* Exercise data:
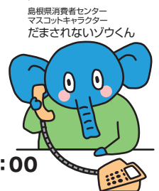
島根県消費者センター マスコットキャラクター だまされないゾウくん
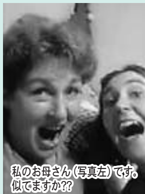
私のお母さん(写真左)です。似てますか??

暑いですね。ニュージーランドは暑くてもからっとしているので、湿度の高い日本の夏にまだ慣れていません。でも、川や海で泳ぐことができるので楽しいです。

--

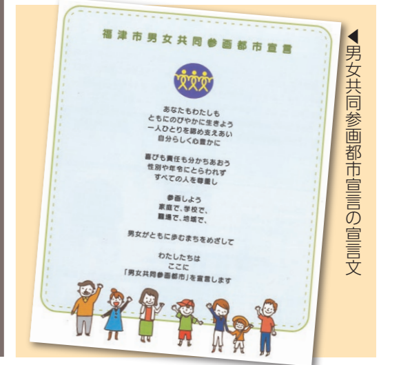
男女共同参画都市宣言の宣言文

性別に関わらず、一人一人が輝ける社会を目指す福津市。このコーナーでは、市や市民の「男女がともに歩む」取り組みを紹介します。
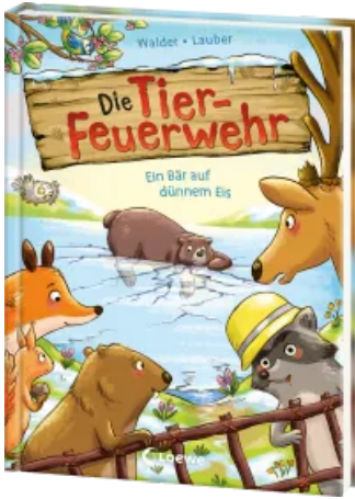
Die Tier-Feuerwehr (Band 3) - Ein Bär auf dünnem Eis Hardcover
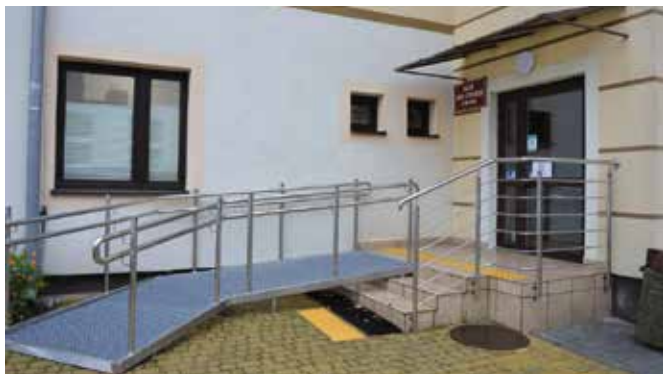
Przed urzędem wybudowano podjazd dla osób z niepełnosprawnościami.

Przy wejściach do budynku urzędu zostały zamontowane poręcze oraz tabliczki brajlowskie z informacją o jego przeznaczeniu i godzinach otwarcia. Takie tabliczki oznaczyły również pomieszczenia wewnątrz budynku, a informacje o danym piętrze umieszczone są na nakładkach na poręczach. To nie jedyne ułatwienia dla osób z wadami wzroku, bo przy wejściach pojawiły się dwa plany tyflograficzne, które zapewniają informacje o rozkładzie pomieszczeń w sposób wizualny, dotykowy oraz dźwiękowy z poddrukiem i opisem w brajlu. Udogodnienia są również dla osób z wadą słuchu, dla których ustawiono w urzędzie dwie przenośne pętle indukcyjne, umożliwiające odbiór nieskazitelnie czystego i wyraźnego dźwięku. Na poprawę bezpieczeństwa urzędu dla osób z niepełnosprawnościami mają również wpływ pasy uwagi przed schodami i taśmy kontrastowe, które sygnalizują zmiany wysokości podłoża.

* Work instructions:
Output exactly the stretch of the listing that begins at the line containing "島根県消費者センター マスコットキャラクター だまされないゾウくん" and ends at the line containing "暑いですね。ニュージーランド", both kept. Omit pictures and everything else.

* Response to the task:
島根県消費者センター マスコットキャラクター だまされないゾウくん
私のお母さん(写真左)です。似てますか??

暑いですね。ニュージーランドは暑くてもからっとしているので、湿度の高い日本の夏にまだ慣れていません。でも、川や海で泳ぐことができるので楽しいです。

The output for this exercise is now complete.